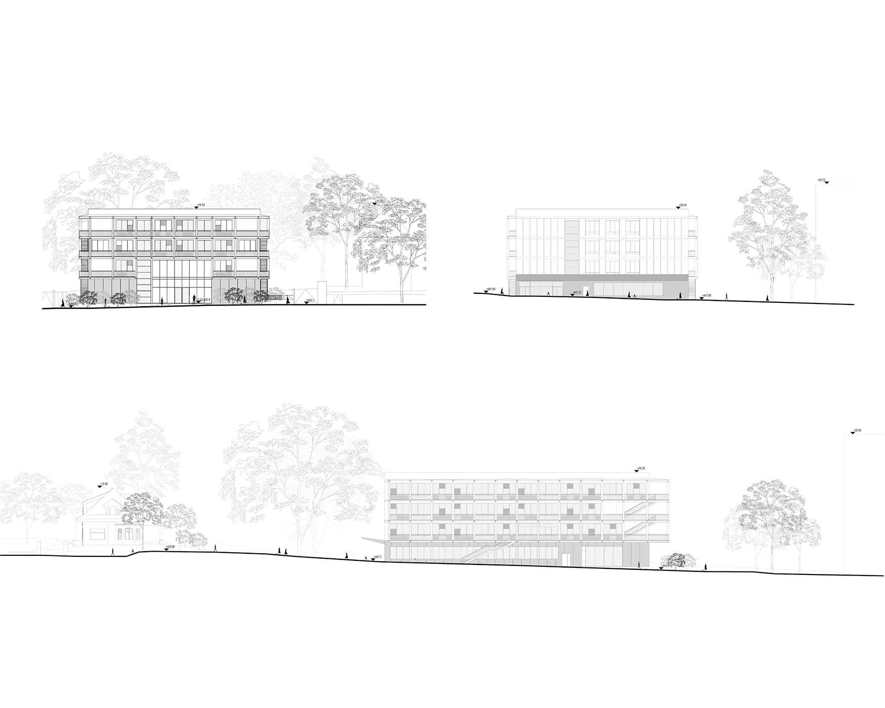 Na działce trwa nieustanna zabawa światła i cienia. Słońce co i rusz wkrada się pomiędzy XIX-wille, aby za chwilę przegrać z rozłożystymi koronami starych drzew. Najwięcej swobody gorące światło ma w części południowej działki, gdzie niegdyś był sad, a dziś stanął nowy budynek.
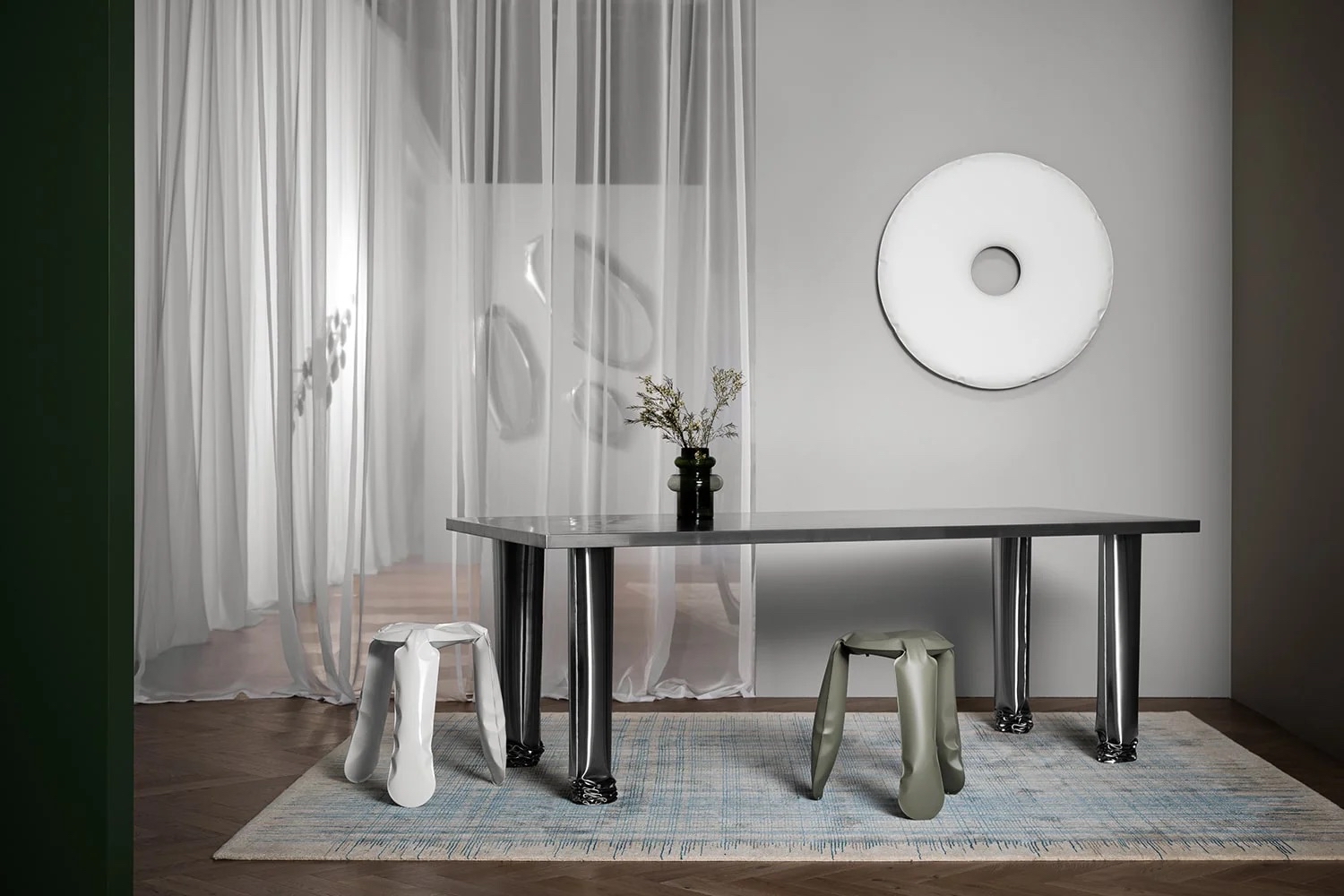 The PLOPP stool is an original, iconic object made in FiDU. It is a flagship of Zieta Studio and a symbol of Oskar Zi?ta’s research into the properties and possibilities of metal. The “Polish Air-Pumped Folk Object” proves how the artistic aspects of the design can be summarized in highly advanced engineering forms. Winner of the Red Dot Design Award 2008, the German Design Council Award 2008, and the Forum AID Award 2009. PLOPP is a manifesto of the FiDU technology and the “controlled loss of control” process. Two ultra-thin steel sheets are welded together around their edges and inflated under high pressure, deforming a 2.5D flat form into a 3D object.
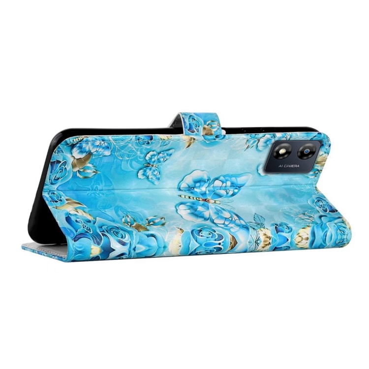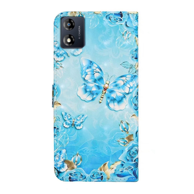 Funda de Cuero para Motorola Moto E13 con Dibujo 3D en Relieve al Óleo (Mariposas Azules)
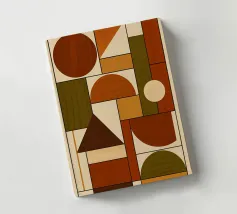 Ein abstraktes Kunstwerk mit geometrischen Formen in erdigen Orange-, Grün- und Beigetönen, gerahmt mit einem weichen Rand auf dunklem Hintergrund.
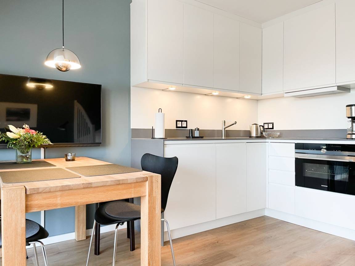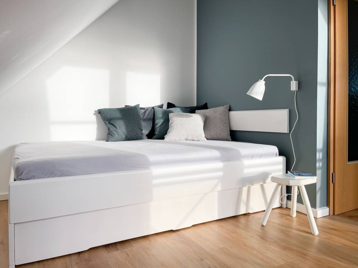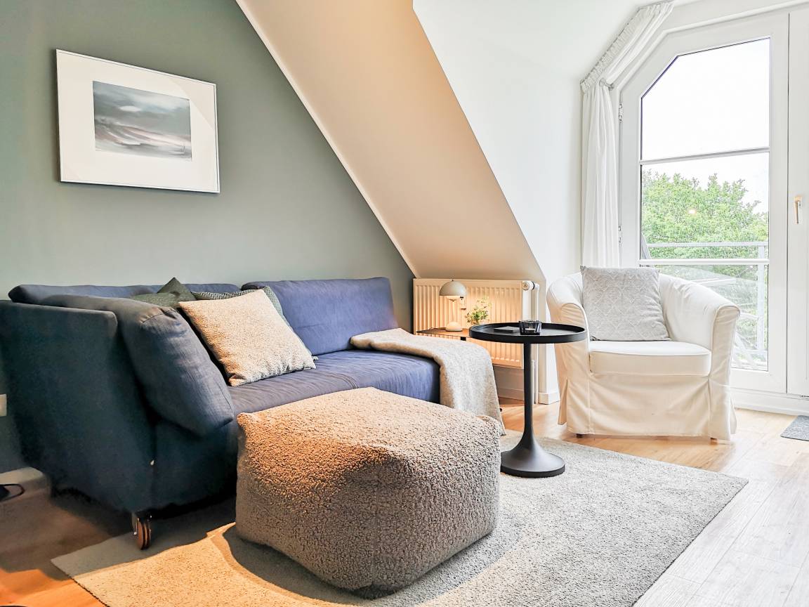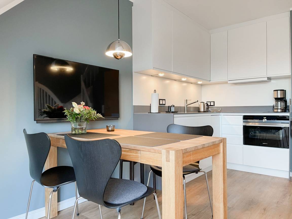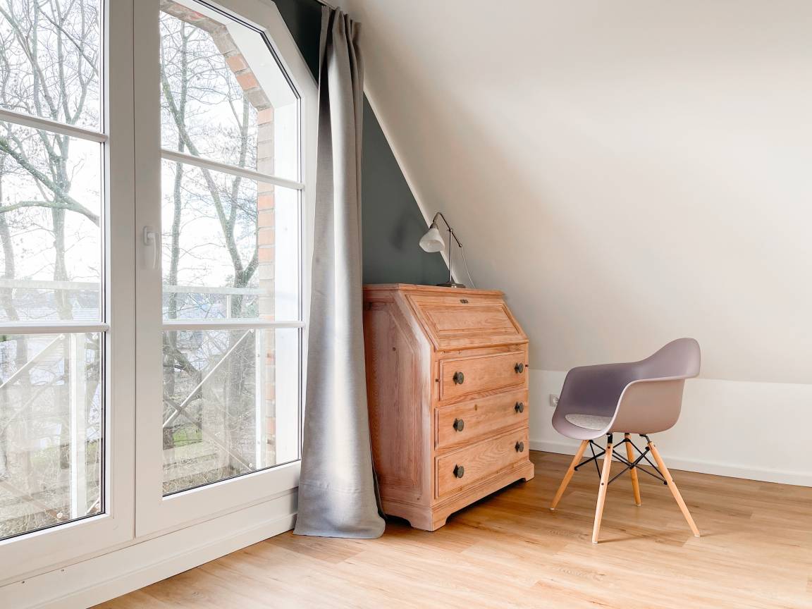 Die lichtdurchflutete Maisonette liegt im 2. Obergeschoss und erstreckt sich über zwei Ebenen zur sonnigen Süd-Ost-Seite. Die stilvolle, skandinavische Einrichtung mit liebevollen Details schafft ein behagliches Ambiente für zwei Personen. Der hochwertig eingerichtete Wohn- und Essbereich bietet neben einem TV und einem Bluetoothradio selbstverständlich auch kostenloses WLAN. Die vom Tischler angefertigte, voll ausgestattete Küche lässt keine Wünsche offen. Das separate Schlafzimmer, ebenfalls passgenau vom Tischler, verfügt über ein Doppelbett (160cm x 200cm, getrennte Matratzen 80x200 mit Toppern) und einen Kleiderschrank. Verdunkelungsvorhänge sorgen für einen erholsamen Schlaf. Das neue, hochwertige Bad ist mit einer Dusche, WC, Waschtisch und Fenster ausgestattet.Die obere Wohnebene, erreichbar über eine Treppe vom Wohnbereich ausgehend, bietet einen weiteren gemütlichen Rückzugsort. Hier finden Sie eine Kommode/Schreibtisch, eine gemütliche Leseecke und ein Bett, das sowohl als „Daybed" als auch für die Nacht genutzt werden kann.
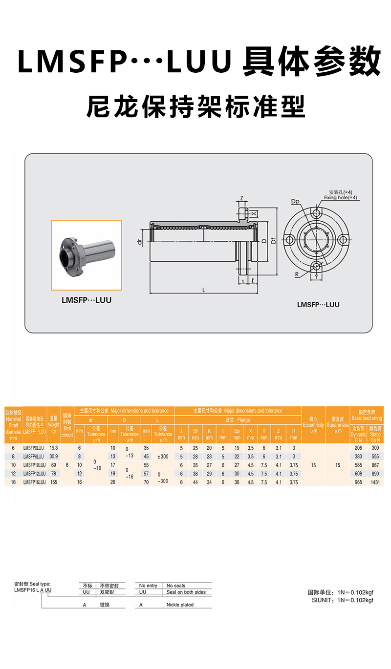 LMSFP···LUU尼龍保持架,該類型尺寸是公制的,廣泛應用于亞洲和其它國家。
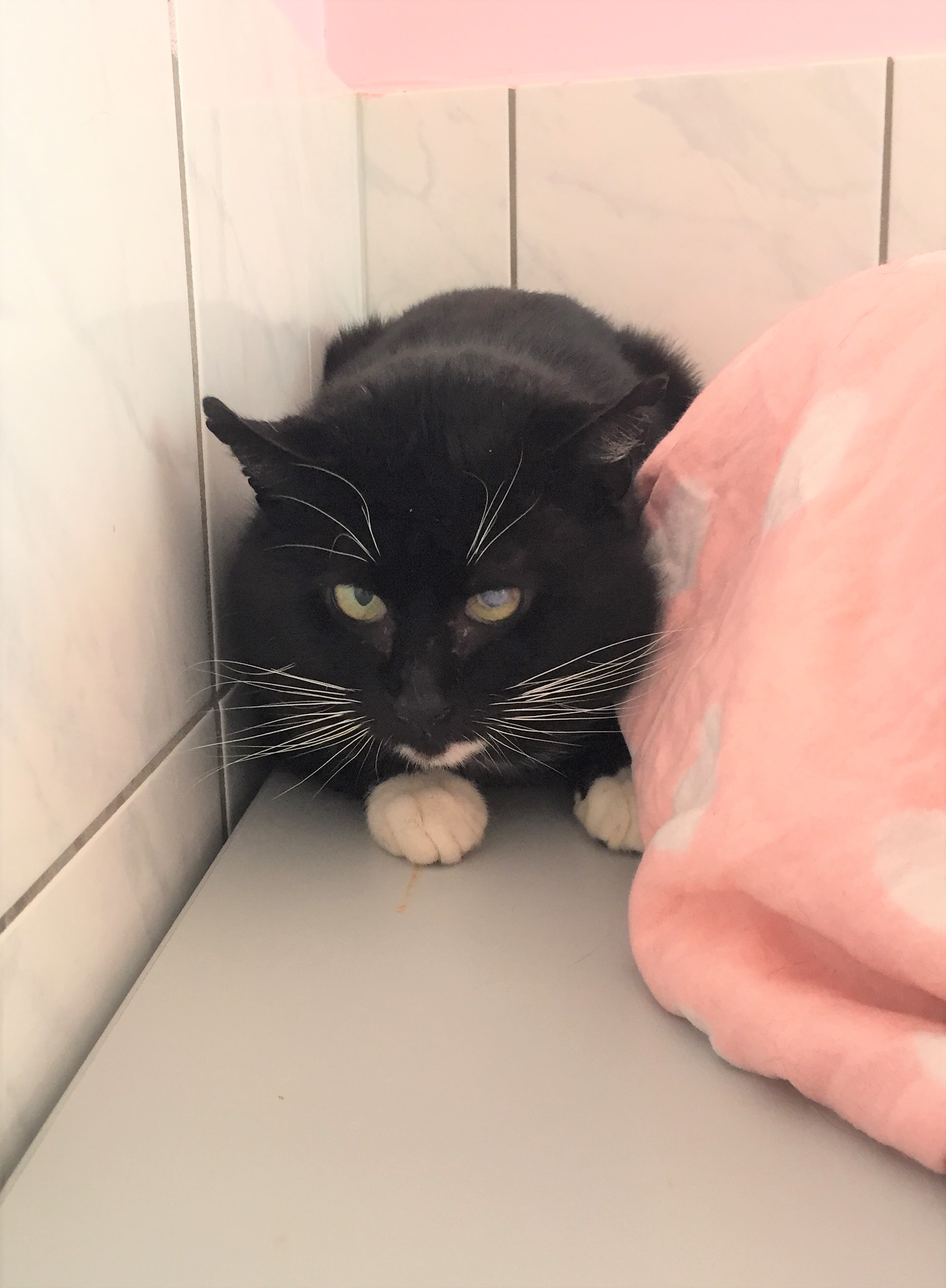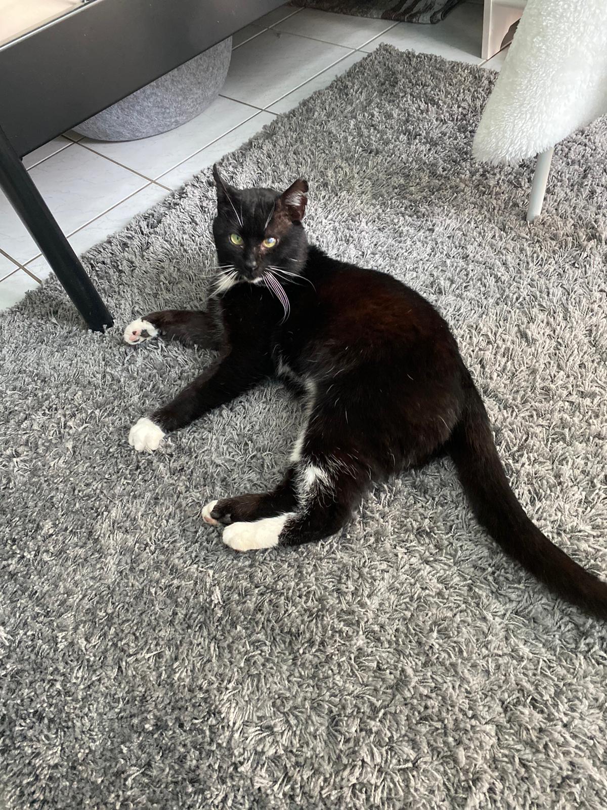 Der stattliche schwarz-weiße Kater war zunächst erst einmal skeptisch, wenn man sich ihm näherte und auch sein Äußeres lässt vermuten, dass er nicht nur gute Erfahrungen in seinem Leben gemacht hat. Trotzdem ist er freundlich und einer Kontaktaufnahme nicht abgeneigt. Auch die ein oder andere vorsichtige Streicheleinheit kann er mittlerweile schon genießen.
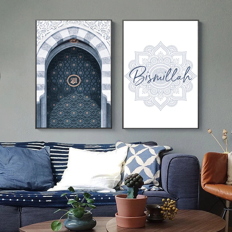 Мусульманский плакат на холсте, пейзаж, печать, религиозный декор, ...
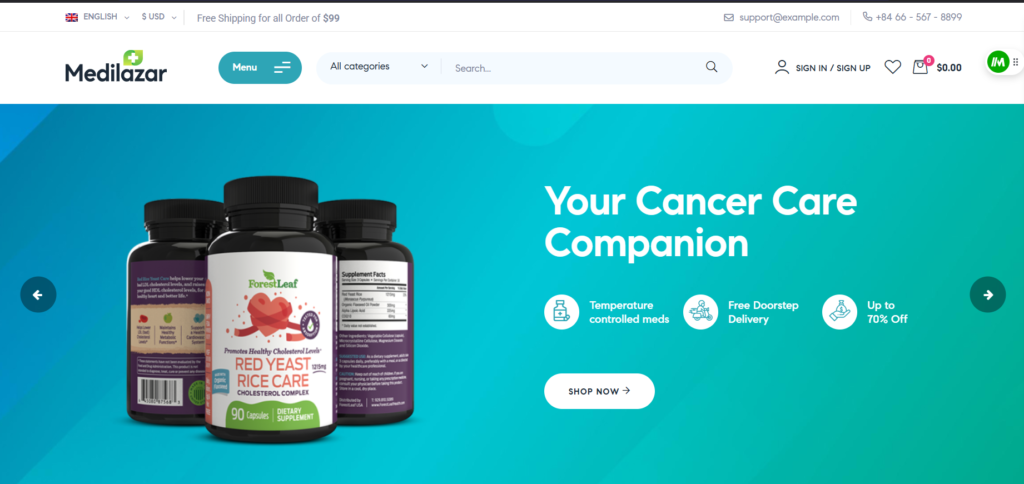 Responsive Medical Equipment & Drug Store & Pharmacy Shop eCommerce Elementor WooCommerce WordPress Theme is what you need. This amazing theme can help you to build your medical store, pharmacy store, drug shop,
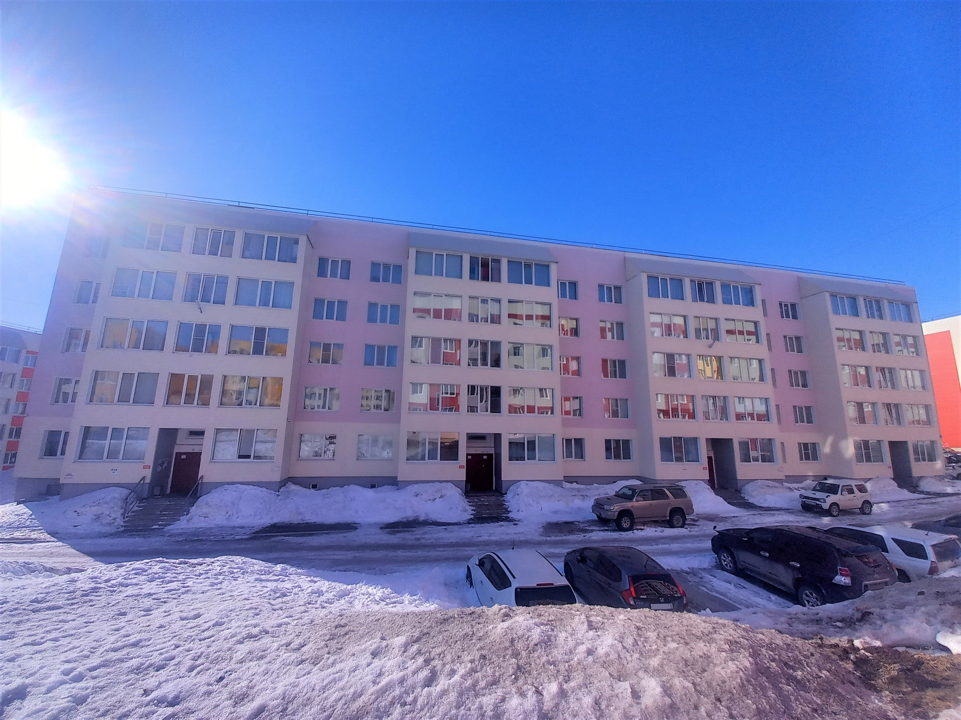 Две детские площадки под окном. Парковка с обеих сторон дома. Дом расположен внутри ансамбля новостроек. Яркие исправные фасады радуют глаз, а благополучный и доброжелательный контингент собственников жилья в районе гарантируют добрососедскую и безопасную атмосферу проживания Вам и Вашим деткам.

_____

## [Task to complete]
Both the first line of the records above and the line containing "Ein abstraktes Kunstwerk" belong in the copy; please return them and every line between, exactly, minus the pictures.

## [Written response]
 Na działce trwa nieustanna zabawa światła i cienia. Słońce co i rusz wkrada się pomiędzy XIX-wille, aby za chwilę przegrać z rozłożystymi koronami starych drzew. Najwięcej swobody gorące światło ma w części południowej działki, gdzie niegdyś był sad, a dziś stanął nowy budynek.
 The PLOPP stool is an original, iconic object made in FiDU. It is a flagship of Zieta Studio and a symbol of Oskar Zi?ta’s research into the properties and possibilities of metal. The “Polish Air-Pumped Folk Object” proves how the artistic aspects of the design can be summarized in highly advanced engineering forms. Winner of the Red Dot Design Award 2008, the German Design Council Award 2008, and the Forum AID Award 2009. PLOPP is a manifesto of the FiDU technology and the “controlled loss of control” process. Two ultra-thin steel sheets are welded together around their edges and inflated under high pressure, deforming a 2.5D flat form into a 3D object.
 Funda de Cuero para Motorola Moto E13 con Dibujo 3D en Relieve al Óleo (Mariposas Azules)
 Ein abstraktes Kunstwerk mit geometrischen Formen in erdigen Orange-, Grün- und Beigetönen, gerahmt mit einem weichen Rand auf dunklem Hintergrund.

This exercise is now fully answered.